A abertura será na quinta-feira, 3, a partir das 19h, na Sociedade Harmonia Lyra, palco central do evento. Estão programadas sete sessões de mostras oficiais, em diferentes horários, na Lyra e no Teatro Censupeg (Avenida Getúlio Vargas, 1266), sempre com ingressos gratuitos. Também haverá apresentações em quatro palcos abertos: Shopping Mueller, Garten Shopping, Igreja Luterana, Sociedade Lírica e Cemitério do Imigrante. (Programação completa: festivaldecoraisjoinville.com.br).

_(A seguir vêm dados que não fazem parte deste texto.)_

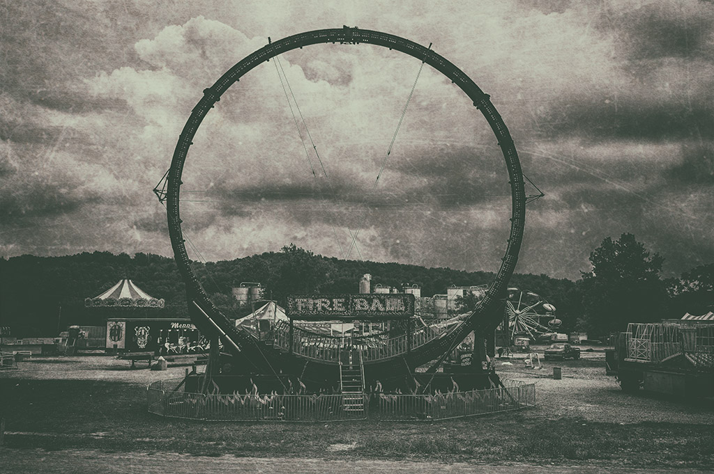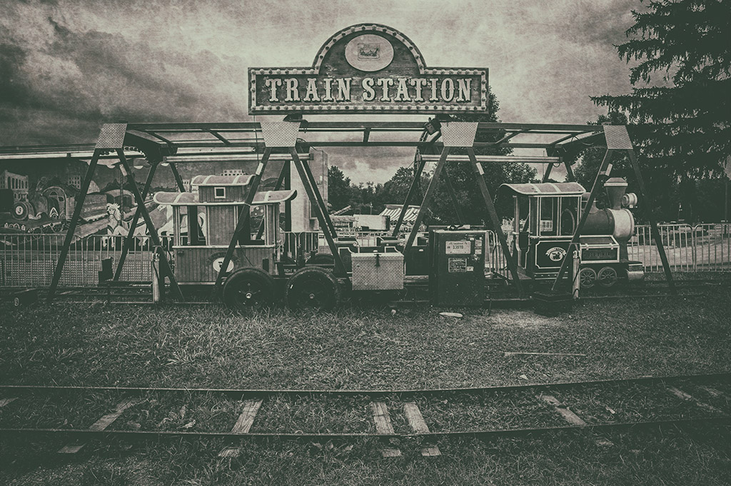Here are a few more shots from my “day after” shots of the county fair. I was going to post some full color shots but decided to stick with black and white since that seems to be where my head is at these days. I had some nice straight B&W images ready when my wife thought the train station shot would look good as a textured image. I’m always game to her ideas so I went with a textured vintage look and , I have to say, I liked the results. So much I went ahead and did a few more in the same vein.
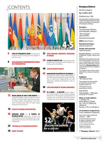 Беларусь.Belarus Monthly magazine No. 12 (951), 2012 Published since 1930 State Registration Certificate of mass medium No.8 dated March 2nd, 2009, issued by the Ministry of Information of the Republic of Belarus

Mais uma vez, será oferecida ampla programação didática, em paralelo às apresentações, com regentes convidados. Coordenador da Escola de Música Maestro Nilson Lombardi, de Votorantim (SP), Luiz Gustavo Laureano virá novamente ao festival. Três outros nomes participam pela primeira vez: Juliana Melleiro, professora de regência em coral da Universidade Federal do Rio de Janeiro (UFRJ), Edi Marques, professor na área de artes sonoras da Universidade Federal do Paraná (UFPR), e Federico Trindade, diretor musical do Movimento Coral e Instrumental Feevale, da Universidade Feevale, do Rio Grande do Sul.

Coro Margareth Picler

Um dos grupos confirmados, o Coro Margaret Picler, de Curitiba, foi criado em 2020, com aulas de canto coral on-line, em meio ao isolamento social da pandemia. Em 2022, o desafio foi a construção de um concerto natalino de coro remoto. Foram produzidas sete músicas, com 38 cantores, entre estudantes, comunidade, professores e servidores do centro universitário Uninter, do Brasil e do exterior. O sucesso do concerto motivou o grupo a dar continuidade ao projeto. Em 2023, iniciaram-se as atividades do coro presencial, somado ao remoto, fazendo do Margareth Picler uma prática coral híbrida.